I used the following dealer script:

produce 10000
predeal west SJ97, H964, DJ953, CAJ2
predeal east SAKT432, HAQ2, D642, C6

hcp(north) >= 9 &&
hcp(north) <= 12 &&
shape(north, any 4333 + any 5332 + any 4432 +any 5422) &&
clubs(south) >= 5 && clubs(south) <=6 &&
hascard(north, QC) &&
hascard(south, KC)

action printcompact

And then count spade holdings for N.
The results:

Qxx - 30.72%
xx - 27.74%
Qx - 26.29%
xxx - 7.96%
Qxxx - 7.29%

Or 64.3% for Qs.

I feel that those conditions favor playing for drop too as they don't contain that max range is more likely for N (as rhm pointed out), allow for AKD♦ in N hand and for 5-4-2-2's including hands with 5 hearts.
Still 64.3% is more than point count alone suggests.
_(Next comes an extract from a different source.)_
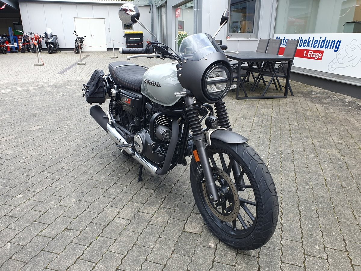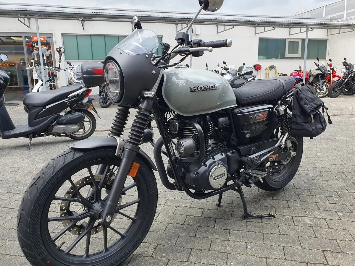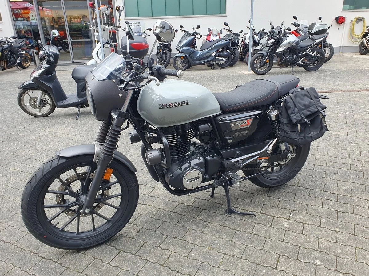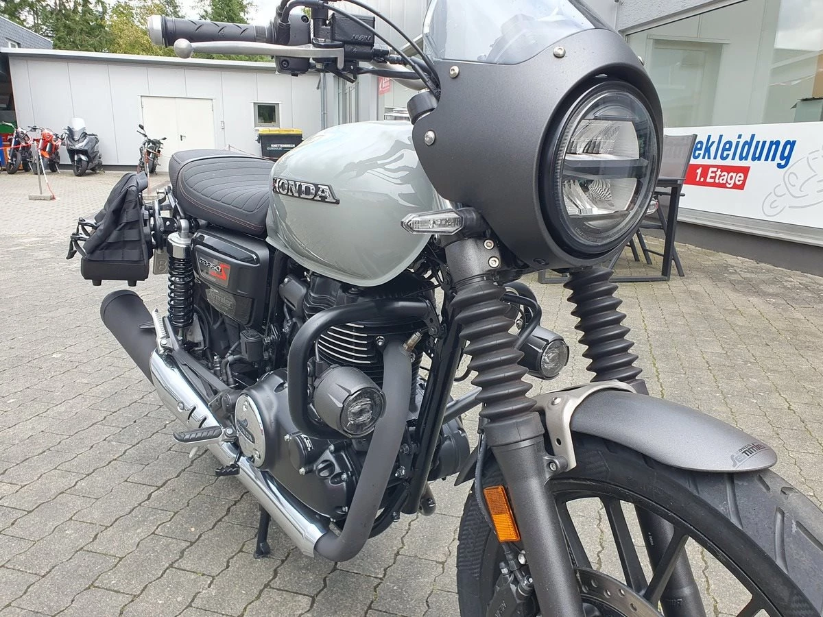 Honda GB 350 S Vorführfahrzeug mit nur 1.800 Kilometer und viel Zubehör ab sofort frei zum Verkauf! Wir haben die GB mit Lichtmaske, Satteltaschen, Dekorbügel mit Nebelscheinwerfern und einer doppelten USB Buchse am Lenker ausgestattet. Wir haben die 1.000KM Inspektion durchgeführt und bei Verkauf bekommt sie noch Neuen TÜV.

Assuming I didn't make any mistake in the conditions, does anybody has an idea how to arrive at such estimation at the table ?

Anyway it's much higher than I expected. I now think Helgemo blundered on this hand.

[kayin801]

Since the spade J could be stiff I bet they'd cover from Qx (partner could have 9xxx) but not with any Qxx. With Q8xx they will probably cover too hoping partner has the 9 singleton or doubleton.

(Post edited to make more sense)

[FrancesHinden]

helene_t, on 2012-August-24, 04:10, said:

Finesse. Empty spaces. Opener has fewer clubs, quite likely clubs are 3-6 since with 4 he might have raised at these colours.

Opener will basically never raise immediately as responder could be 4441 with short clubs planning to redouble.

[jogs]

Why didn't he just pass 2♠? The difference between right and wrong would be only one trick and it would be East's problem.